"- Sabe as mulheres têm muitas vezes a impressão de que os homens estão muito mais apaixonados por elas do que na realidade estão.
(...)
- Não sabe porque casei consigo?
- Porque queria estar casada antes da sua irmã Doris.
Era verdade, mas ela sentiu algum regozijo quando viu que ele sabia. Por mais estranho que parecesse, ele espicaçava-lhe a compaixão mesmo naquele momento de medo e raiva. Ele esboçou um sorriso ténue.

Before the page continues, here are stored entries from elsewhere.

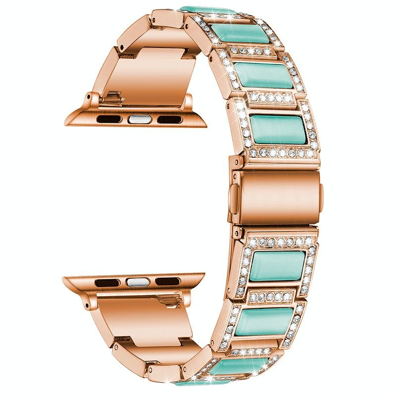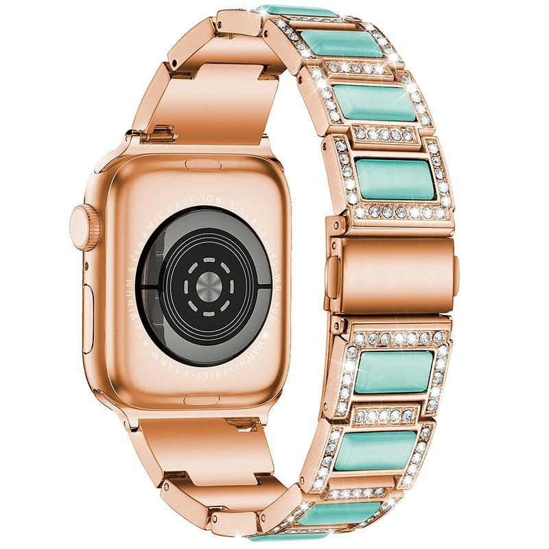 Λουράκι ρολογιού με τρεις χάντρες Διαμάντι + Πολύτιμους Λίθους για Apple Watch Ultra 49mm & Watch Ultra 2 49mm / Series 9 & 8 & 7 45mm / SE 3 & SE 2 & 6 & SE & 5 & 4 44mm / 3 & 2 & 1 42mm (Ροζέ χρυσό μπλε)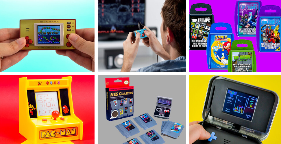 Even your coffee table can join the fun with Nintendo Cartridge Coasters, ideal for protecting your surfaces while repping your favourite 8-bit pastimes. Got a mate who loves a good power-up and a bit of trivia? The Gaming Top Trumps deck will settle the age-old question of who'd win in a showdown: Sonic or Solid Snake. And for the gamer who likes their desk to double as an arcade, the Pac-Man Desktop Arcade brings chompy joy and ghost-dodging drama to your 9-to-5.
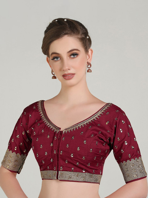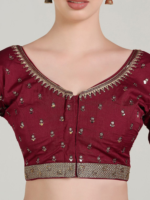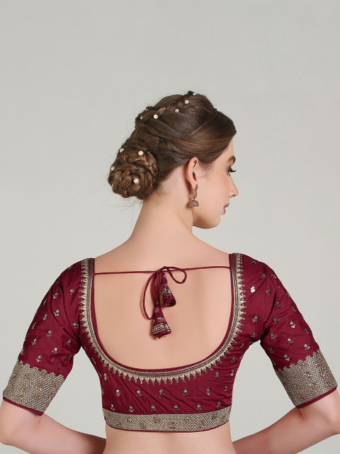 Maroon embroidered blouse has a round neck, short sleeves, and hook and eye closure with tie-up detail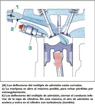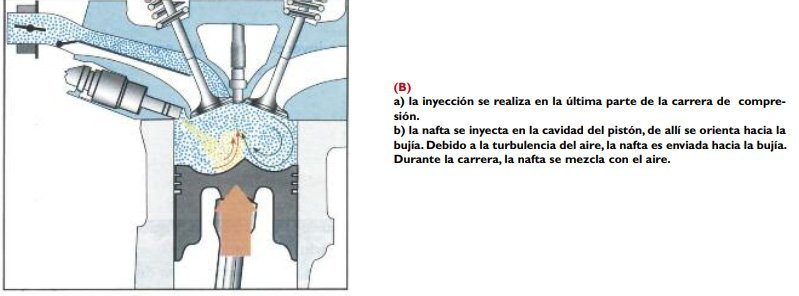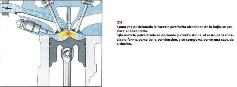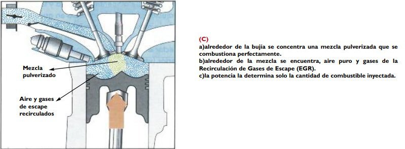 En regímenes de rpm. y estados de carga bajos e intermedios, el motor trabaja con “mezcla pobre”, la nafta se inyecta al final de la compresión, obteniendo así una distribución estratificada de la nafta en la cámara de combustión.
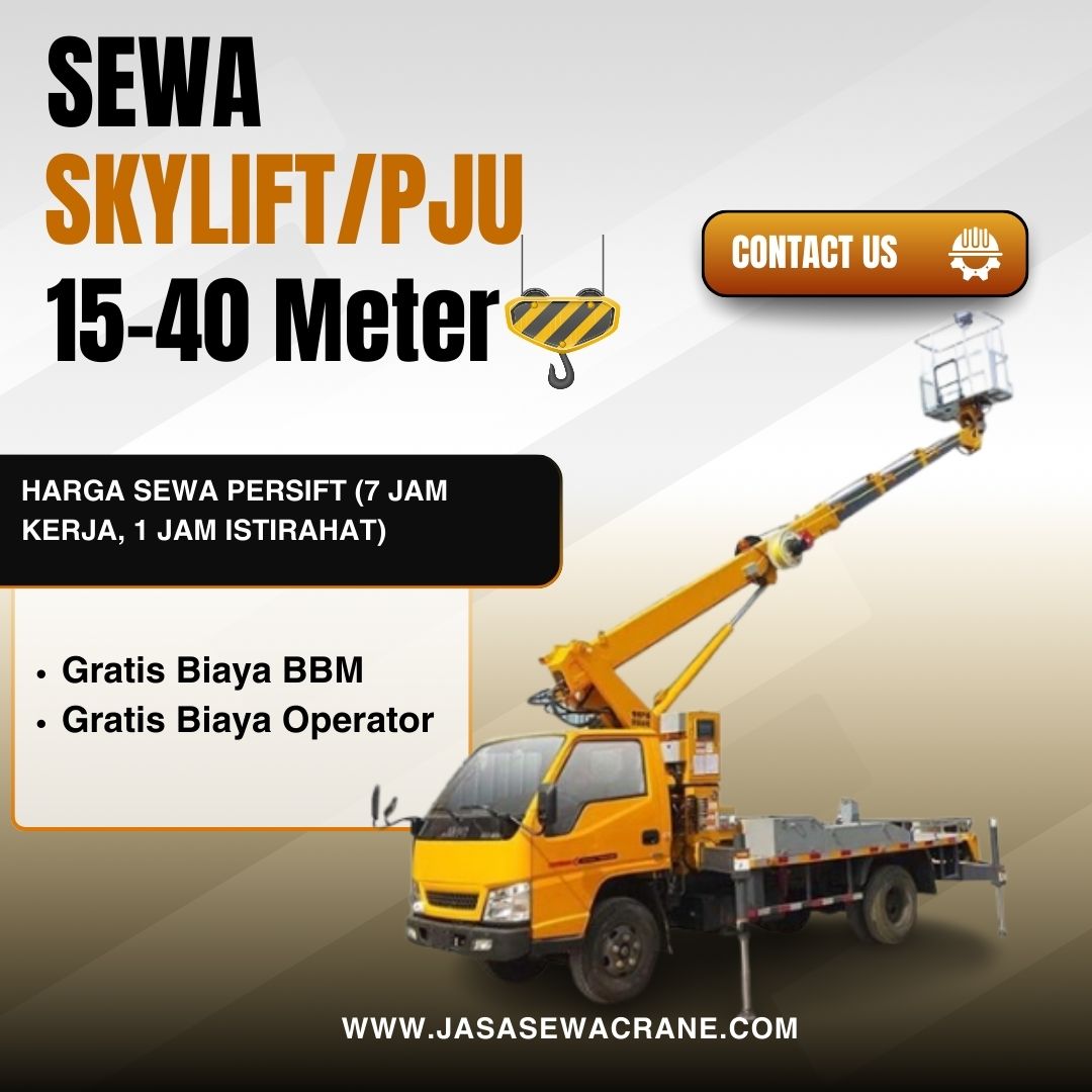 Alat angkat dengan keranjang untuk mengangkat pekerja ke ketinggian tertentu. Jangkauan 15 – 40 meter.

- Nunca tive ilusões a seu respeito - disse. - Sabia que era pateta, frívola, uma cabecinha oca. Mas amava-a. sabia que os seus objectivos e ideais eram triviais, lugares comuns. Mas amava-a. Sabia que não era lá grande coisa, mas amava-a. É engraçado quando penso no esforço que fazia para achar graça às mesmas coisas e na ansiedade com que lhe escondia que não era ignorante, banal, maledicente e estúpido. Sabia como a inteligência lhe metia medo e fazia tudo o que podia para que pensasse que eu era tão idiota como o resto dos homens que conhecia. sabia que só tinha casado comigo por conveniência. Mas amava-a tanto que não me importava. Tanto quanto sei, a maior parte das pessoas, quando estão apaixonadas por alguém e esse amor não é correspondido, sentem-se ofendidas e ficam cada vez mais zangadas e amargas. mas eu não era assim. Nunca esperei que me amasse, não via razão para que o fizesse, nunca me considerei muito amável. Bastava-me poder amá-la e entrava em êxtase quando, de vez em quando, pensava que lhe agradava ou quando captava nos seus olhos um lampejo de sorridente afeição. Tentava não a importunar com o meu amor, mas, como sabia que não podia evitá-lo, estava sempre atento ao primeiro sinal de impaciência ante o meu afecto. O que a maior parte dos maridos espera ter como um direito eu estava preparado para receber como um favor.
Kitty, acostumada uma vida inteira à lisonja, nunca até aí tinha ouvido ninguém dizer-lhe tais coisas e no seu coração explodiu uma ira cega que rechaçou o medo, uma ira que parecia sufocá-la, fazendo-lhe as veias das têmporas inchar e latejar. A vaidade ferida pode tornar uma mulher mais vingativa do que uma leoa a quem roubaram as crias."
Somerset Maugham, in Véu Pintado
[Isto é tudo o que eu não quero: ter a certeza que não sou amada e resignar-me a isso, a amar alguém que não consegue perceber o que eu sinto por dentro, ainda que possa sentir com menos ou mais intensidade, tem de ser um comprimento de onda partilhado ou não vale a pena. Por muito que dar seja tão mais gratificante do que receber, receber por favor recuso-me, chega a ser ofensivo emocionalmente. Talvez seja o dito orgulho, o não poder exigir o que só existe sem exigência, ou sequer, razão. Mas também não ser amado não é culpa de quem não ama, porque não nasce da vontade, por isso aquele ressentimento de quem sabe que não é amado parece-me uma coisa mesquinha, amarga e ressabiada, como se nos achássemos tão grande coisa que a estupidez de não nos amar é do outro. A culpa de não nos ver como nós queremos que nos veja, ou como nos vemos, é do outro. E isso sim é estúpido. E eu tento a todo o custo não ser esse tipo de estúpida, mas tenho toda uma palete de estupidezes para me desforrar... e à grande!]